Barry Goldwater, Jr.

Barry Morris Goldwater, Jr. ( born July 15, 1938 in Los Angeles, California) is an American politician. Between 1969 and 1983 he represented the state of California in the U.S. House of Representatives.

Career

Barry Goldwater is the son of U.S. Senator Barry Goldwater (1909-1998) from Arizona, who unsuccessfully ran against incumbent Lyndon B. Johnson in the presidential elections of 1964. The younger Goldwater graduated from Staunton Military Academy in Virginia and studied at the University of Colorado and until 1962 at Arizona State University after that. In the following years he worked as a stockbroker and in import and export business. Politically, he joined his father of the Republican Party.

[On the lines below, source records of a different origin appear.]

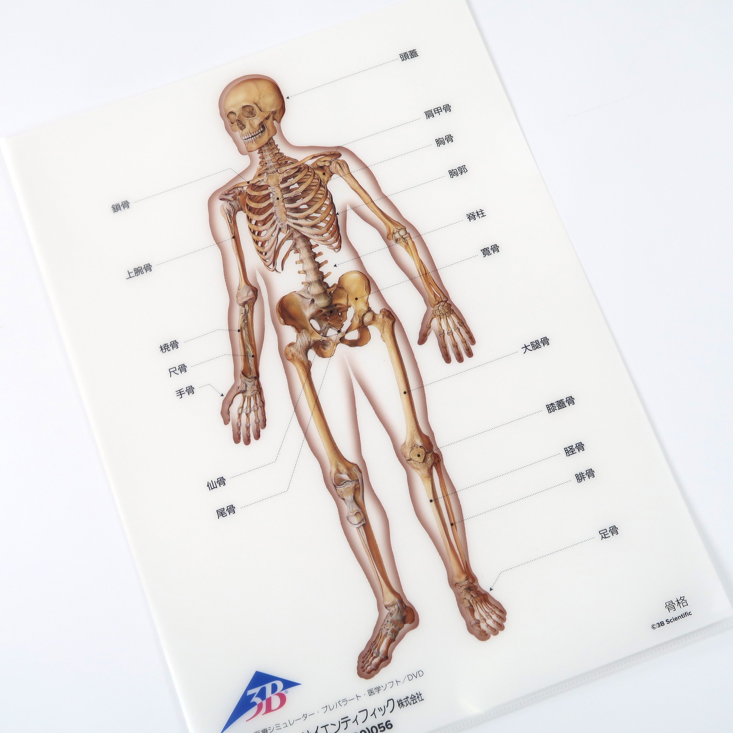 人体の解剖学的構造を詳細に描いたA4サイズのクリアファイルです。各ファイルには,主要な人体部位が精密に描かれており,それぞれの部位の名称が記載されています。クリアファイルに紙を挟むことで、テキスト部分を隠すことができるので、ちょっとした暗記ドリルのようにも楽しむことができるユニークなクリアファイルです。
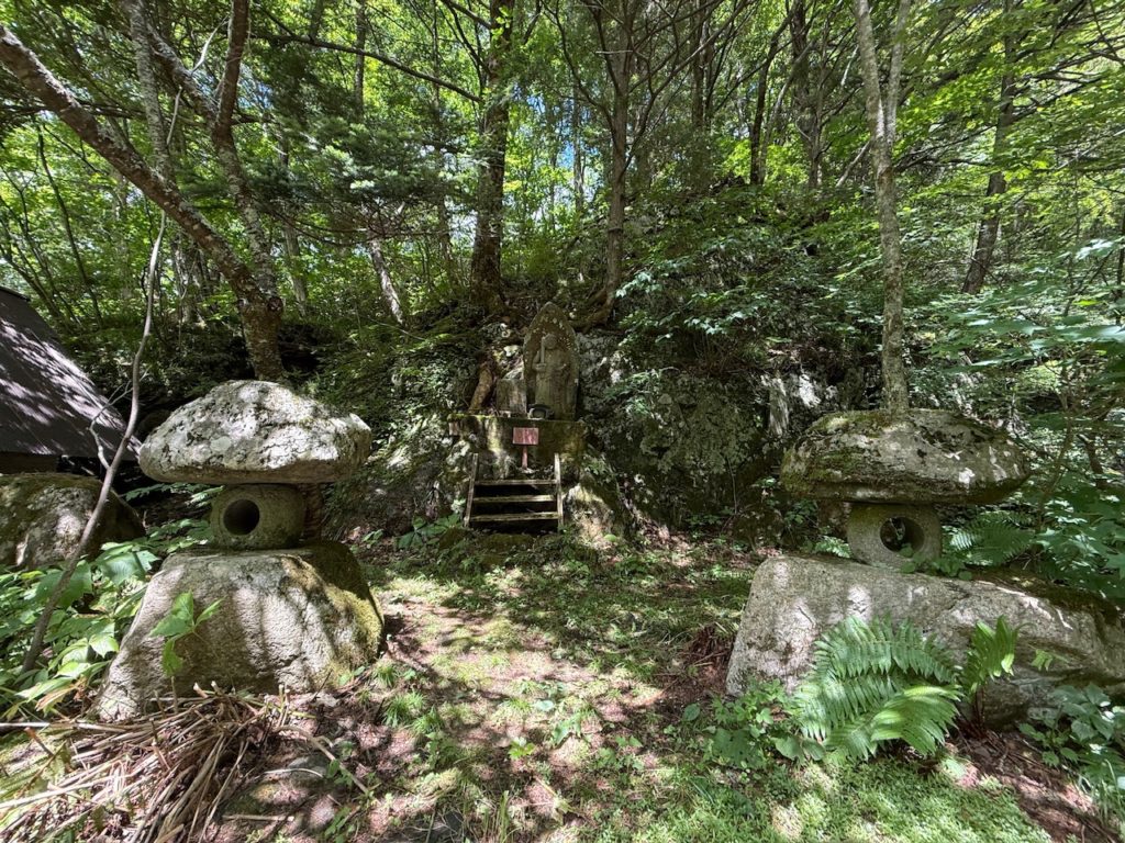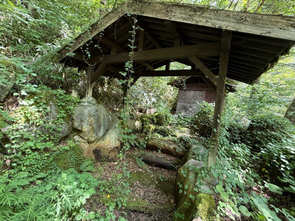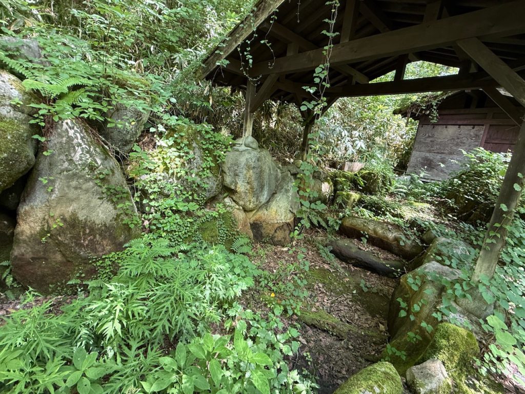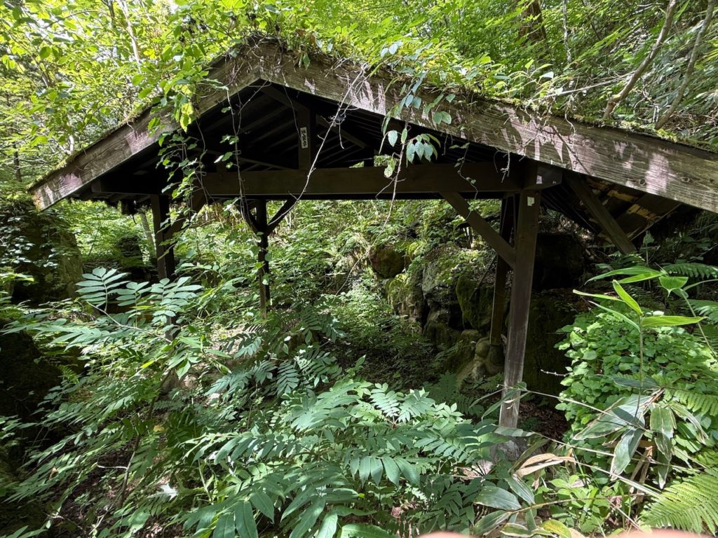 岩の露天風呂は草や苔が生い茂っていますが、きれいに清掃すれば使えそうな雰囲気です。
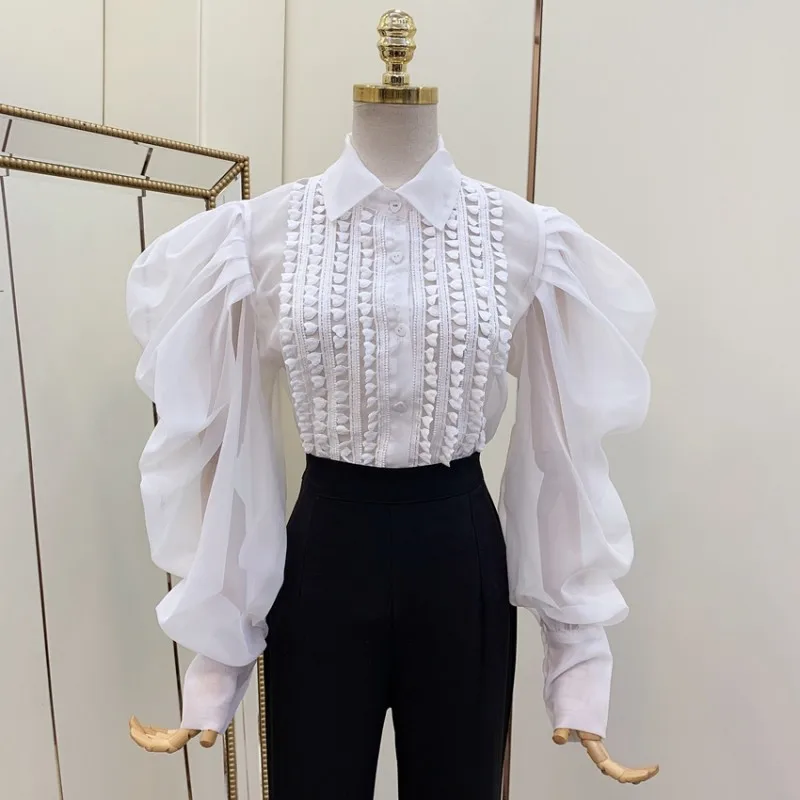 Женская блузка размера плюс большого однотонные рубашки с воротником и длинным
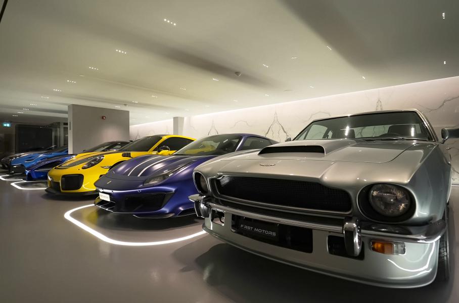 В ролике можно заметить уникальный Aston Martin V8. Аналогичные модели использовали в съемках фильмов про Джеймса Бонда. Кроме того, в собрании есть McLaren Senna, Porsche 911 GT2 RS и Ferrari 488.
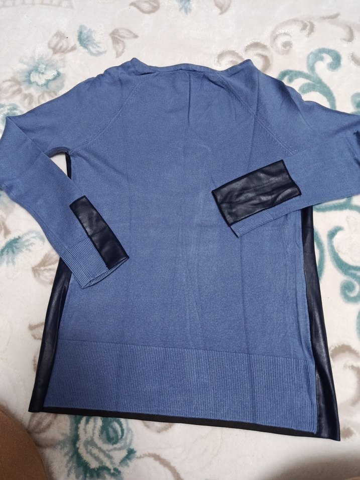 Mavi, uzun kollu, düğmeli ve siyah detaylı kadın triko sweatshirt. Yumuşak sentetik kumaştan, günlük rahat kullanım için uygundur.
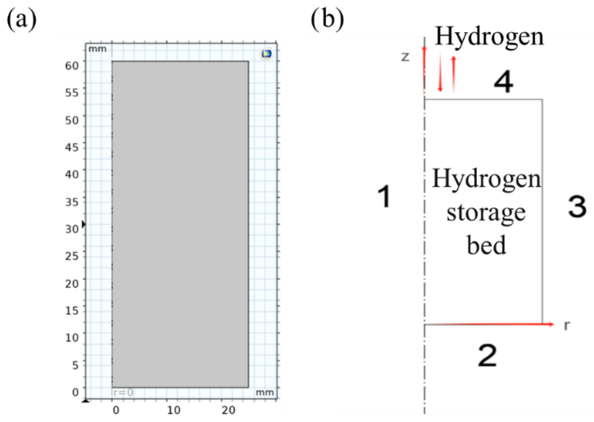 The hydrogen storage container established in this study is cylindrical. To investigate the influence of various parameters on hydrogen adsorption/desorption of the container, visually illustrate the impact of parameters on the hydrogen adsorption/desorption rate, and accelerate the calculation speed, the three-dimensional cylinder is simplified into a two-dimensional axisymmetric model, as shown in

Following the resignation of Mr Edwin Reinecke Goldwater was at the due election for the 27 seats of California as his successor in the U.S. House of Representatives in Washington DC chosen, where he took up his new mandate on April 29, 1969. After six re- elections he could remain until January 3, 1983 at the Congress. In this time were, among others, the end of the civil rights movement and the Vietnam War, and in 1974, the Watergate scandal, which seriously hurt the Republicans. Goldwater was at times a member of the Committee on Public Works and Transportation, the Energy Committee and the Committee on Science and Technology. In 1982 he gave up another candidacy. At the same time he sought unsuccessfully to his party's nomination for election to the U.S. Senate.

After the end of his time in the U.S. House of Representatives Goldwater moved to Los Angeles where he worked in the financial industry. He was also a member of the New York Stock Exchange. Today he lives near his son Barry M. Goldwater III in Phoenix.